Excerpts from a dataset
------------------------------------------------------------

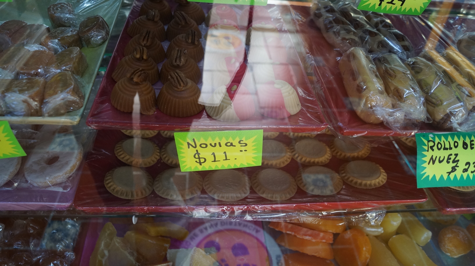 Los camotes, las tortas de Santa Clara, los borrachitos, muéganos, las novias, dulces de leche con nuez y otros dulces típicos mexicanos como palanquetas son vendidas por Antonio Ramos Torres, cuyo negocio se encuentra en el Centro Histórico desde hace tres generaciones.
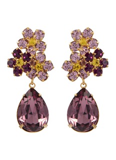Introducing the Lauretta Earrings, handcrafted in New York, these earrings feature pear-shaped Austrian crystal drops delicately suspended from a blossoming cluster of flowers, creating a lush garden effect. Set in an 18k gold-plated frame, the Lauretta Earrings are poised to become a treasured heirloom.
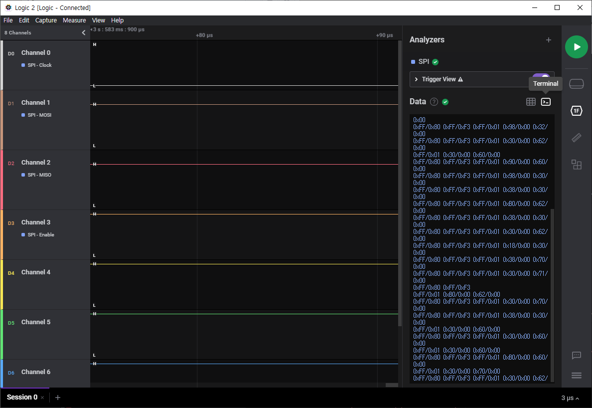 I2C, SPI, UART등 터미널 데이타를 볼 수 있어서 매우 편리하다.
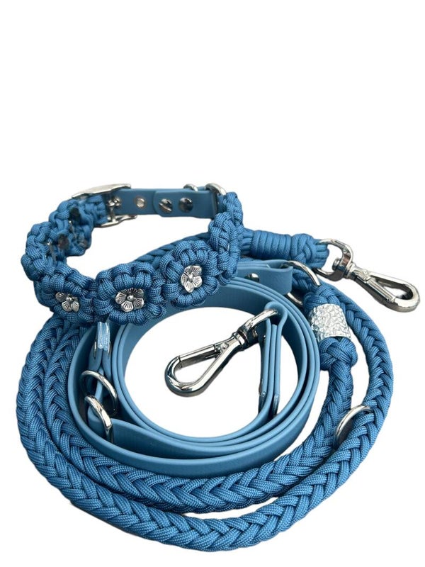 Zum Set gehört das Halsband Modell BLÜMCHEN hier verstellbar von 33-39cm mit verstellbarer Schnalle. Der Karabiner ist unser Farmschön Karabiner. Außerdem wird noch ein silbernes Schmuckelement nach Verfügbarkeit in die Leine eingearbeitet.
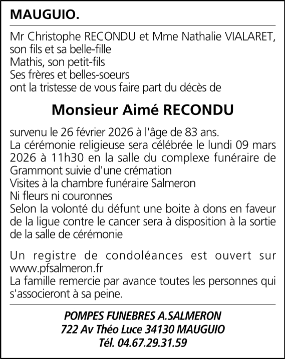 Died in Mauguio (34130, France) on 26 February 2026 at the age of 83 years
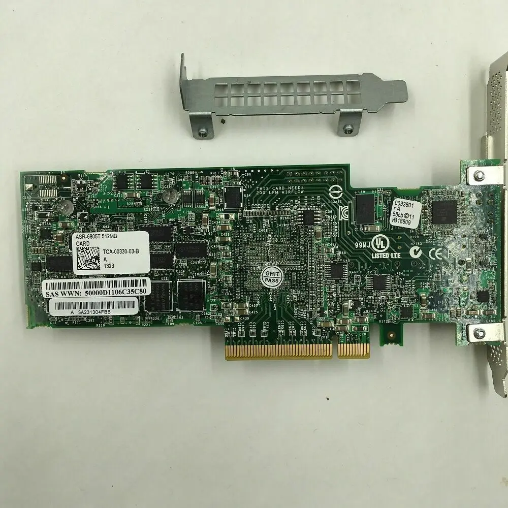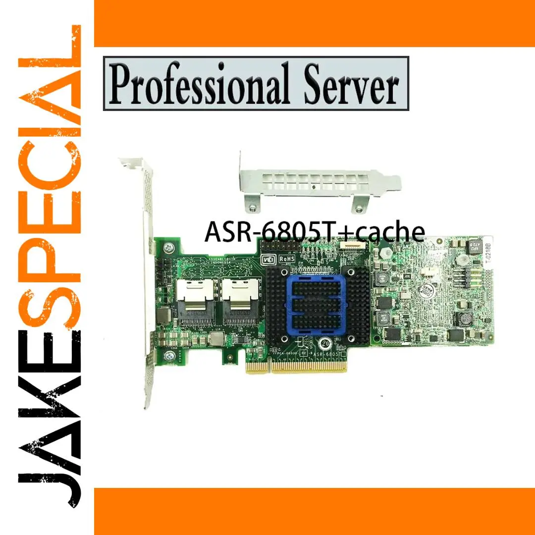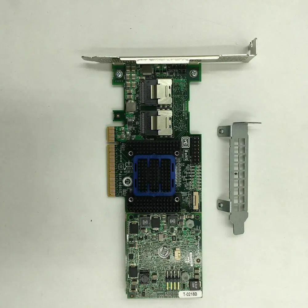 Elevate your data management with the Adaptec RAID 6805T model ASR-6805T PCIe 2.0 RAID controller. Featuring 8 internal SAS ports through two Mini-SAS SFF8087 connectors, it delivers high-speed data transfer at 6Gbps and includes a robust 512MB cache memory for enhanced performance. Designed for enterprise-grade reliability, this add-on card operates in IR mode, ensuring seamless integration into your existing system. The sleek green PCB, complemented by a black heatsink with blue borders and a gold PCIe connector, underscores its premium build and technical sophistication. Trust this RAID controller to provide efficient, reliable, and scalable storage solutions tailored to demanding environments.

------------------------------------------------------------

Please set down only the lines from the one containing "Introducing the Lauretta" through the end of the entries, exactly as they stand, both ends included and with no pictures.

## RESPONSE FOR THIS EXERCISE
Introducing the Lauretta Earrings, handcrafted in New York, these earrings feature pear-shaped Austrian crystal drops delicately suspended from a blossoming cluster of flowers, creating a lush garden effect. Set in an 18k gold-plated frame, the Lauretta Earrings are poised to become a treasured heirloom.
 I2C, SPI, UART등 터미널 데이타를 볼 수 있어서 매우 편리하다.
 Zum Set gehört das Halsband Modell BLÜMCHEN hier verstellbar von 33-39cm mit verstellbarer Schnalle. Der Karabiner ist unser Farmschön Karabiner. Außerdem wird noch ein silbernes Schmuckelement nach Verfügbarkeit in die Leine eingearbeitet.
 Died in Mauguio (34130, France) on 26 February 2026 at the age of 83 years
 Elevate your data management with the Adaptec RAID 6805T model ASR-6805T PCIe 2.0 RAID controller. Featuring 8 internal SAS ports through two Mini-SAS SFF8087 connectors, it delivers high-speed data transfer at 6Gbps and includes a robust 512MB cache memory for enhanced performance. Designed for enterprise-grade reliability, this add-on card operates in IR mode, ensuring seamless integration into your existing system. The sleek green PCB, complemented by a black heatsink with blue borders and a gold PCIe connector, underscores its premium build and technical sophistication. Trust this RAID controller to provide efficient, reliable, and scalable storage solutions tailored to demanding environments.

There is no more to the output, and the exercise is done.